Directions: From the records below, output exactly the lines starting at the line with "Se esperan más" and ending at the line with "Nissan Z Proto", both of them included, but no pictures.

Records provided:
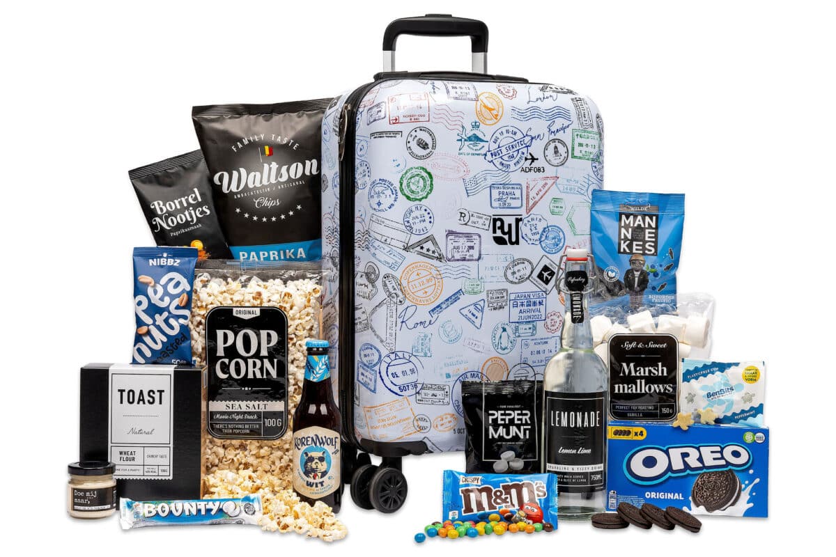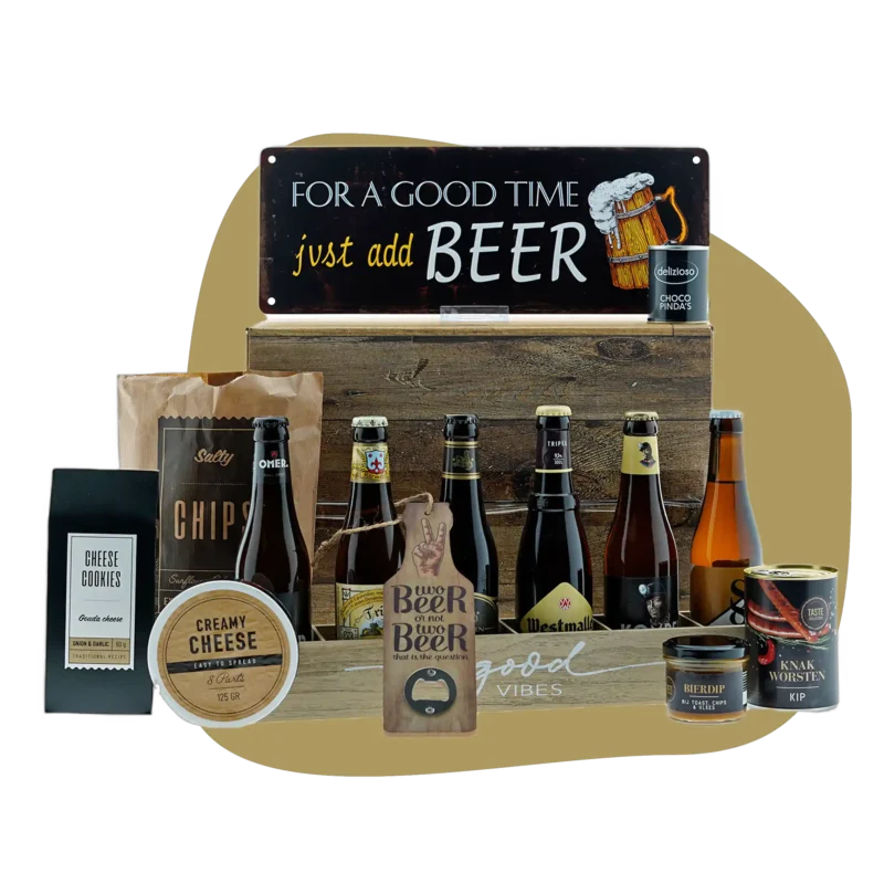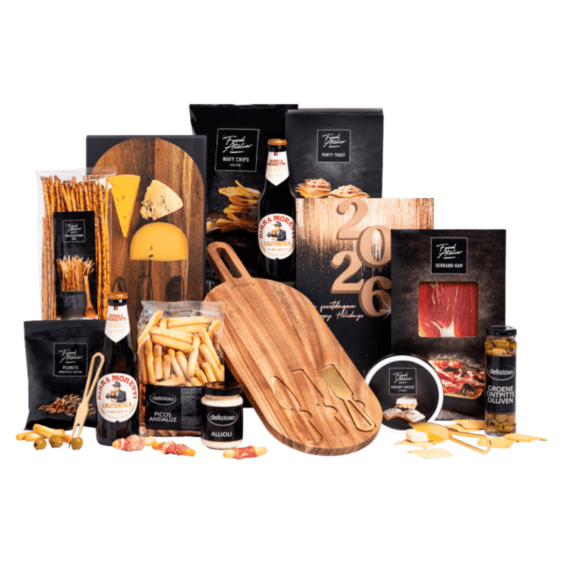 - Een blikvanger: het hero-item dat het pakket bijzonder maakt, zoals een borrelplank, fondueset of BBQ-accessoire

...

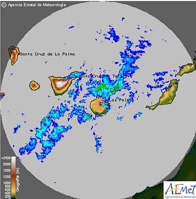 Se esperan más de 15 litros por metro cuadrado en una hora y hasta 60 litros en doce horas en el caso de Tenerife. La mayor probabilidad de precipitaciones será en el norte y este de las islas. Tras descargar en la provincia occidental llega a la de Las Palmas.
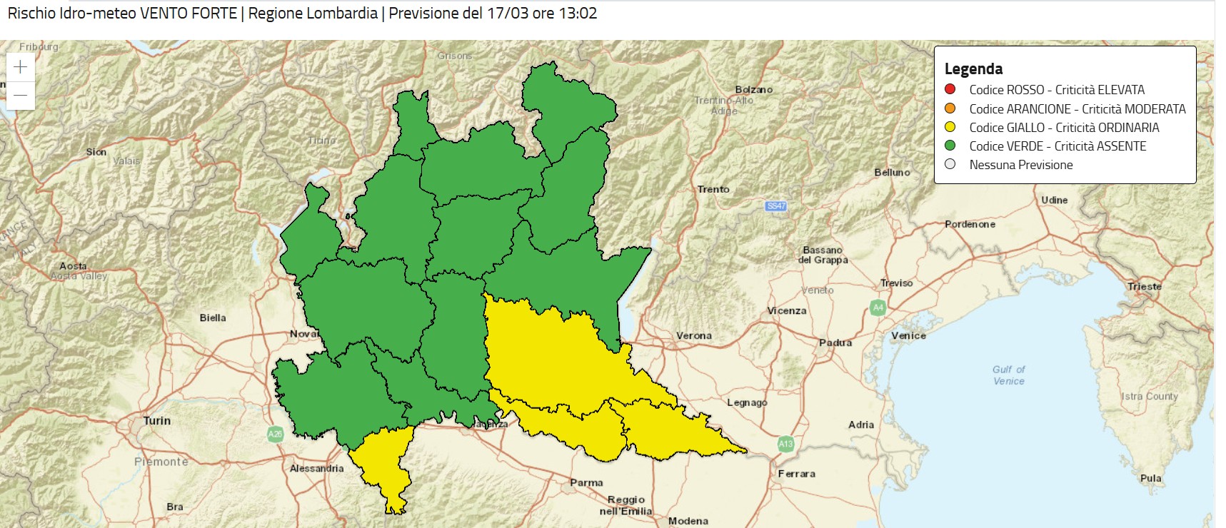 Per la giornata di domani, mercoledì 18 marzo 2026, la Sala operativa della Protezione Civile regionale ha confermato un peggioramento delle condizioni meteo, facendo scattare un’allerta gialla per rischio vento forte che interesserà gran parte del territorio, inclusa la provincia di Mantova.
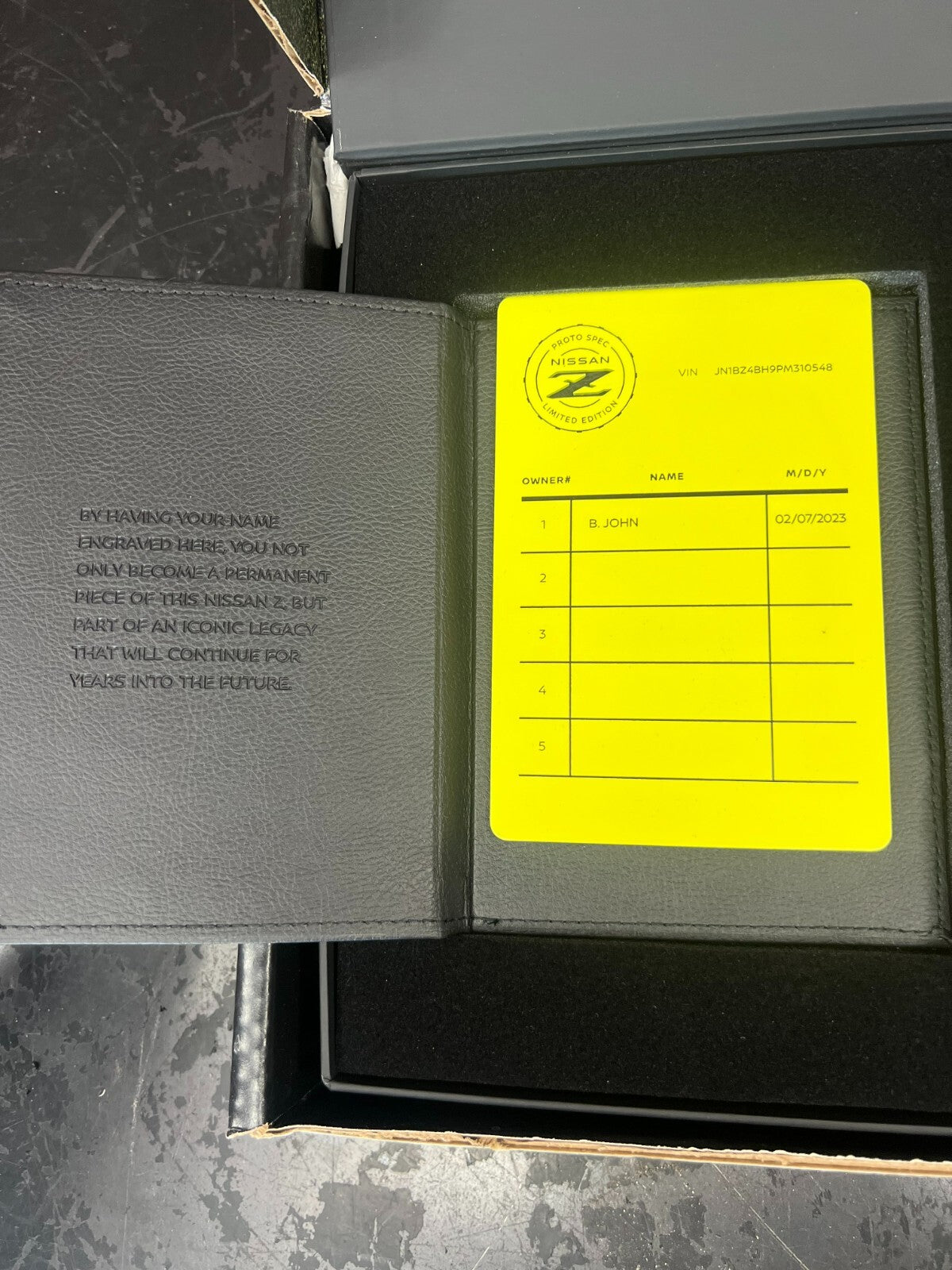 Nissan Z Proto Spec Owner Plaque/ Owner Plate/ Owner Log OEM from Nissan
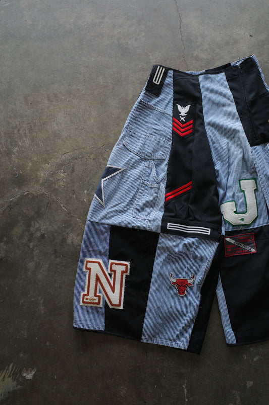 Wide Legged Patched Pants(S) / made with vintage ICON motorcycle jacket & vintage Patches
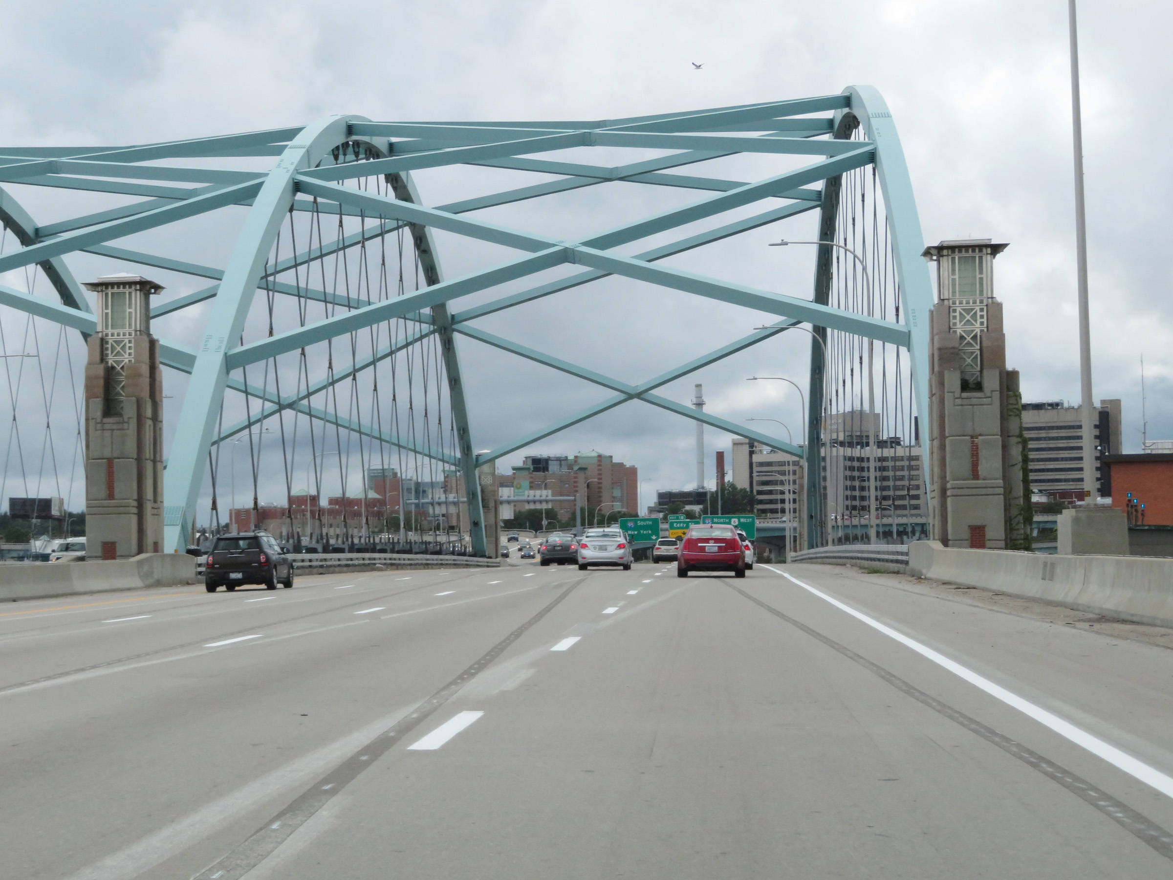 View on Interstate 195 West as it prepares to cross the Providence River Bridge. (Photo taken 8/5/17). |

Exercise result:
 Se esperan más de 15 litros por metro cuadrado en una hora y hasta 60 litros en doce horas en el caso de Tenerife. La mayor probabilidad de precipitaciones será en el norte y este de las islas. Tras descargar en la provincia occidental llega a la de Las Palmas.
 Per la giornata di domani, mercoledì 18 marzo 2026, la Sala operativa della Protezione Civile regionale ha confermato un peggioramento delle condizioni meteo, facendo scattare un’allerta gialla per rischio vento forte che interesserà gran parte del territorio, inclusa la provincia di Mantova.
 Nissan Z Proto Spec Owner Plaque/ Owner Plate/ Owner Log OEM from Nissan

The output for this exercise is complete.